Thanks! The fact that I’ve been vacillating since November tells me I’m leaning toward keeping it.
 
I have a 2012 2.6ghz quad that I use for video editing. Aside from the aging HD4000, it's really a great machine. I don't know which 2015 13" MBP you have, but the i5 version has a geekbench rating around 7000 and your mini is almost 12000. No way that I would trade my Mini for any 2015 MBP, a 3 hour render would turn into a 5 or 6 hour render. But of course, if you don't care about CPU then there's no need to keep the Mini, I think that is the main case for the 2012 quads.

Using it as a media server is a huge waste of resources, you don't need a quad core cpu for that. I have a base model 2014 Mini (4gb/500gb HD) as a media server and it is even overkill for that. Using it as a network disk on my LAN with filesharing, I get about 100MB/sec read/write performance. So I wouldn't keep the quad just for that purpose, sell it and get a base mini or some other inexpensive computer.

One thing I like about my 2012 quad is that it runs MacOS 10.8.5. I have the internal SSD set to boot into that, for the times when I still need my very expensive legacy software. But most of the time it boots into Sierra from an external USB 1tb SSD. I am not interested in selling mine, regardless of resale value, because I still need it for specific things and a new Mac with comparable CPU is more than I want to spend.
 
I know people do it, so does Apple continue providing security updates and such for older versions of macOS, at least for a certain number of years?

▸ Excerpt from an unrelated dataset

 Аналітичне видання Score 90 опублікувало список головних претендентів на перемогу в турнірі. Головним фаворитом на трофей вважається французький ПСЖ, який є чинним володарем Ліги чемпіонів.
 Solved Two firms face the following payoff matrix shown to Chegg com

Yes. I don't tend to run the latest MacOS (as a matter of personal preference), and they still get big fixes and security updates for a few years.

It's very short compared to Windows though.
 
I have a 2012 2.6ghz quad that I use for video editing. Aside from the aging HD4000, it's really a great machine. I don't know which 2015 13" MBP you have, but the i5 version has a geekbench rating around 7000 and your mini is almost 12000. No way that I would trade my Mini for any 2015 MBP, a 3 hour render would turn into a 5 or 6 hour render. But of course, if you don't care about CPU then there's no need to keep the Mini, I think that is the main case for the 2012 quads.

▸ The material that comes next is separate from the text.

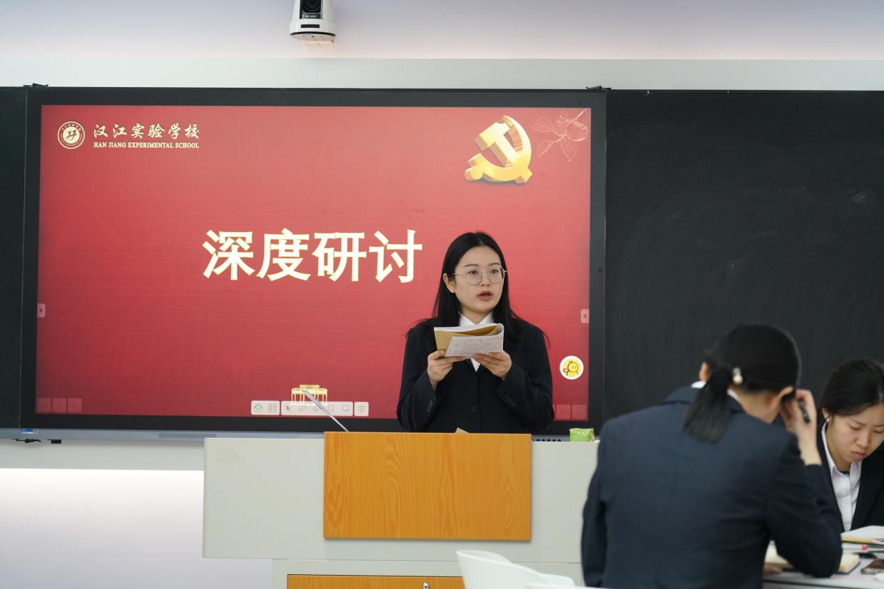 汉江实验学校党支部组织委员、副校长杨志从国家要求、社会需要、教师教学、学生成长、人的发展五个层面,对“道法老师”作了广义的解读,他希望道法老师坚持“党对教育的全面领导,坚持立德树人”,做一名新时代的思政引路人。

Using it as a media server is a huge waste of resources, you don't need a quad core cpu for that. I have a base model 2014 Mini (4gb/500gb HD) as a media server and it is even overkill for that. Using it as a network disk on my LAN with filesharing, I get about 100MB/sec read/write performance. So I wouldn't keep the quad just for that purpose, sell it and get a base mini or some other inexpensive computer.

One thing I like about my 2012 quad is that it runs MacOS 10.8.5. I have the internal SSD set to boot into that, for the times when I still need my very expensive legacy software. But most of the time it boots into Sierra from an external USB 1tb SSD. I am not interested in selling mine, regardless of resale value, because I still need it for specific things and a new Mac with comparable CPU is more than I want to spend.

This is good information -- thanks. Yes, my 2015 MBP is the i5 model. I don't currently do much video rendering--my primary creative use is photo editing, and at the enthusiast level, not professionally. I plan to do more with video, but that's likely a couple years away. One question: My wife and I have a large collection of DVDs. In 2020, we plan to sell our house and move. In preparation, we're doing a lot of downsizing. Would the quad-core mini be faster than the MBP at ripping DVDs to a hard drive, or is reading the DVD the speed bottleneck?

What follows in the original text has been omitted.